White House aides said that Clinton will travel to Mount Zion African Methodist Episcopal Church in Greeleyville, S.C., which was set ablaze on June 20, 1995, and is now being rebuilt. He had mentioned this church in his Saturday radio address.

“We need to come together as one America to rebuild our churches, restore hope, and show the forces of hatred that they cannot win,” Clinton said Monday in San Diego.

White House press secretary Michael McCurry said, “There has been an unprecedented federal response involving the Treasury Department, the Justice Department, (and) very strong coordination with local law enforcement.”

The tally of church fires varies according to the source: The Bureau of Alcohol, Tobacco and Firearms counts 30 suspicious Southern arsons since 1990, while the Center for Democratic Renewal, a group that monitors extremists and has undertaken its own investigation, counts 46 church fires in South Carolina, Tennessee, Alabama, Louisiana and Mississippi.

There have been 28 fires this year alone, a pace of about one a week, according to the center’s count.

The group of pastors Monday castigated federal officials, the church community and black America for failing to respond with more urgency to what the pastors say are the most coordinated violations of black civil rights since the 1960s.

“Our communities are being terrorized, and we cannot allow it to continue,” said the Rev. Reggie White, associate pastor of The Inner City Church in Knoxville, Tenn. “If we don’t take care of it now, our children are going to adopt these attitudes and when they grow up they are going to destroy America if we don’t do anything about it.”

Black congregations across the South fear they cannot protect their churches and want greater federal intervention, said the Rev. Mac Charles Jones, racial justice associate for the National Council of Churches (NCC). “If it means the National Guard, so be it,” Jones said. “If it means declaring a state of emergency, so be it.”

The NCC, which brought the pastors to Washington, is hoping to use the arsons as a rallying cry for racial solidarity reminiscent of the civil rights movement. The group has pledged to raise $2 million from its members, coming from 33 different denominations, to help rebuild the churches, and is calling on skilled crafts people to travel south this summer to help the reconstruction effort.

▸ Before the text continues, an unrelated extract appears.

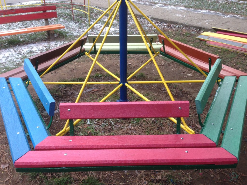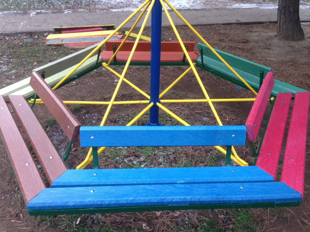 Ersatz von Holzbrettern durch langlebige Kunststoffprofile. Sie sind wartungsfrei, farbecht und witterungsbeständig. Auswahl weiterer kleiner Kinderelemente oder durch Ergänzung, oder im Austausch gegen Neuteile in anderen Farben und Designs.

In meetings Sunday with Attorney General Janet Reno and Monday with Treasury Secretary Robert E. Rubin, the pastors complained that investigators have inappropriately scrutinized members and leaders of the churches themselves. One pastor said his daughter had been pulled out of school for questioning; another said his church’s ledger books were inspected.

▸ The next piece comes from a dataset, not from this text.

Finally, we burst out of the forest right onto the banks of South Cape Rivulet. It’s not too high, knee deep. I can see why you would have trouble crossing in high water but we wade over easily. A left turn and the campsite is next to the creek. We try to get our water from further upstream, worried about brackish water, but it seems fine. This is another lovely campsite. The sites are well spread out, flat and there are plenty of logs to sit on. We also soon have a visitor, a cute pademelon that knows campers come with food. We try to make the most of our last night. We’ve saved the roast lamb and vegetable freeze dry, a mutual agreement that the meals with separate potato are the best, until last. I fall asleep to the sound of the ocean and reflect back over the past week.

“About 50 percent of the pastors feel they were intimidated and that the investigation got focused on them,” the Rev. Joan Brown Campbell, general secretary of the National Council of Churches, said in an interview after the news conference. “The problem is that if they get questioned and looked at as suspects, they will be looked at suspiciously in their communities.”

Rubin, in a lunch with Post reporters, said that “the people investigating need to follow every single lead wherever it may go. On the other hand, I think they have to do so with enormous sensitivity to the people who understandably … have good reason to be skeptical about an awful lot of things with respect to law enforcement.”

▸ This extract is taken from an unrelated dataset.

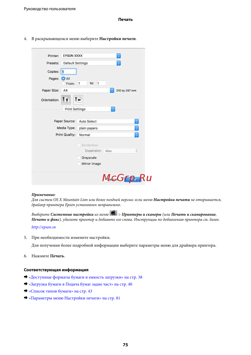 Для систем OS X Mountain Lion или более поздней версии: если меню Настройки печати не открывается,

The teenage girl arrested in Charlotte Monday has been charged as a juvenile and is being held for a later hearing. “This is a very troubled 13-year-old,” said Larry Snider, deputy chief of police in Charlotte-Mecklenburg.

At this point, investigators say there’s no evidence that the fire was racially motivated or that it’s connected to any local or national conspiracy.

The two fires early Monday in Greenville were the first reported in Texas. In those cases, the three men were held because their car matched descriptions supplied by a witness.